The Case Against a Pandemic Treaty
Governance

The Case Against a Pandemic Treaty

Strengthening global health governance after COVID-19 does not require a pandemic treaty

Medical staff transport a COVID-19 patient from Brno to Prague, Czech Republic, on November 25, 2021.
Medical staff transport a COVID-19 patient from Brno to Prague, Czech Republic, on November 25, 2021. REUTERS/David W. Cerny

On November 29, a special session of the World Health Assembly (WHA) convenes to address whether the World Health Organization (WHO) should develop a convention, agreement, or other international instrument on pandemic preparedness and response. The session emerged from a proposal in 2020 for a pandemic treaty by the president of the Council of the European Union that WHO Director-General Tedros Adhanom Ghebreyesus, several states, and expert reports on the COVID-19 pandemic have supported. The WHA will consider different types of instruments, but the lion’s share of attention prior to the session has focused on a treaty.

Proposing a solution before probing the problems puts the cart before the horse

The argument for a pandemic treaty holds that it constitutes the best strategy for generating political commitment from countries to address the global health damage caused by COVID-19 and prepare for future pandemics. The case against a treaty questions the health, political, and legal components of this strategy and identifies potentially more effective ways to reconstitute global health governance after the COVID-19 disaster.

The Health Diagnosis

The pandemic treaty idea gathered support during a catastrophe that exposed many health problems. Proposing a solution before probing the problems puts the cart before the horse. But new thinking cannot wait until the pandemic ends. The treaty proposal provides a lens for scoping the COVID-scarred landscape to identify issues that need attention. The real concern is that the health “cart” is being loaded with so many problems that the treaty “horse” bears an unrealistic burden.
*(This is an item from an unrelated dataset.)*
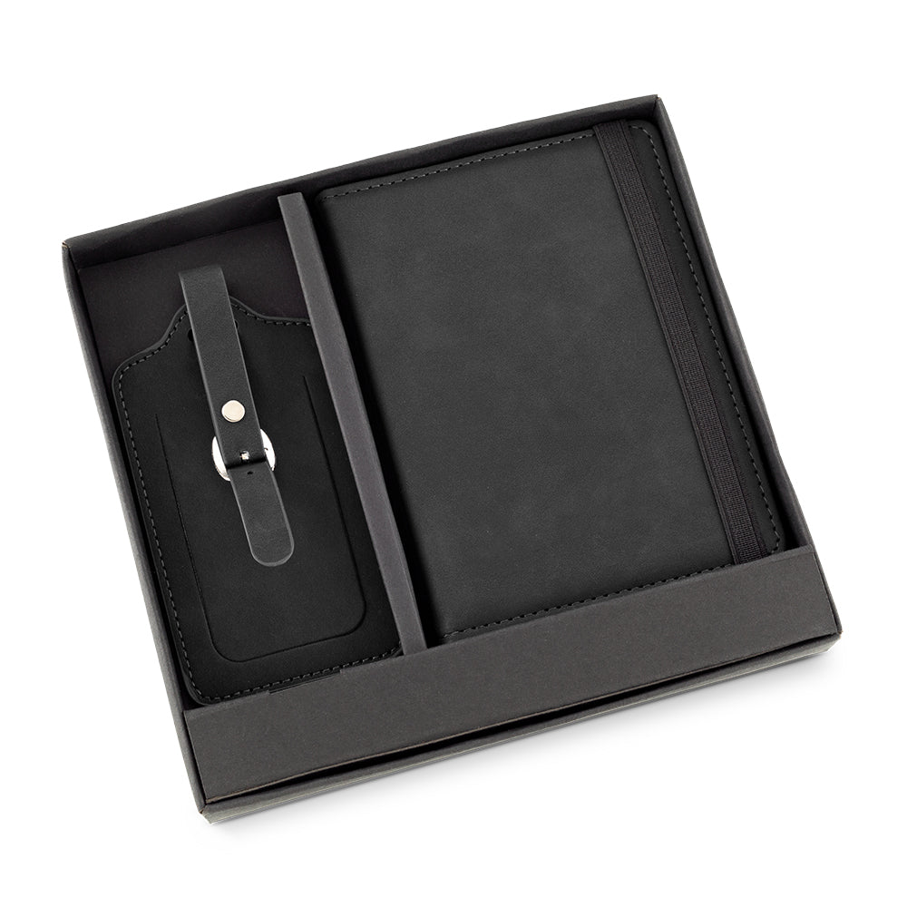 Set de portapasaporte e identificador de maletas en poliuretano. Con 4 portatarjetas, un portadocumentos y dos porta SIM no incluidas. Empaque Individual. Medidas Caja: 19.5 cm x 18 cm x 2.5 cm. Marca: Portapasaporte: 6 cm Tampografía Identificador: 3.5 cm Tampografía. Ficha Técnica

Advocates for a treaty have variously argued that it should address—among other things—surveillance, outbreak notification, the sharing of pathogen samples and genetic sequence information, zoonoses, pandemic prevention, trade and travel measures, equitable access to health countermeasures, health capacities in low-income countries, universal health coverage, social determinants of health, intellectual property rights, misinformation and disinformation, financing for pandemic preparedness and response, human rights, and strengthening the WHO.

A large auditorium with people preparing for opening day of the 72nd World Health Assembly in Geneva, Switzerland, May 20, in 2019.
In 2019, on opening day of the 72nd World Health Assembly in Geneva, Switzerland. REUTERS/Denis Balibouse

None of these problems can be dismissed as global health frippery. COVID-19 has been so devastating for global health governance that—to borrow from Winston Churchill—we had to watch the “rubble bounce.” However, this expansive health diagnosis lacks focus, clarity, and coherence on what issues countries should prioritize in a treaty and why. Loading so much into the health “cart” risks allowing politics more room to determine priorities at the expense of science and epidemiology.

The Political Prognosis

Many who favor a treaty believe it offers the best way to increase political commitment from states to reform global health governance. But COVID-19 demonstrates that this proposition has no clothes. Government responses to COVID-19 have purportedly violated or manipulated many treaties, including the WHO Constitution, International Health Regulations (IHR), and human rights agreements. Claims that noncompliance with the IHR—the treaty most relevant to disease outbreaks—requires a pandemic treaty do not explain why a new treaty will generate the commitment that the IHR apparently did not. Treaties on biodiversity and climate change have also produced such poor commitments that health is now endangered on a planetary scale.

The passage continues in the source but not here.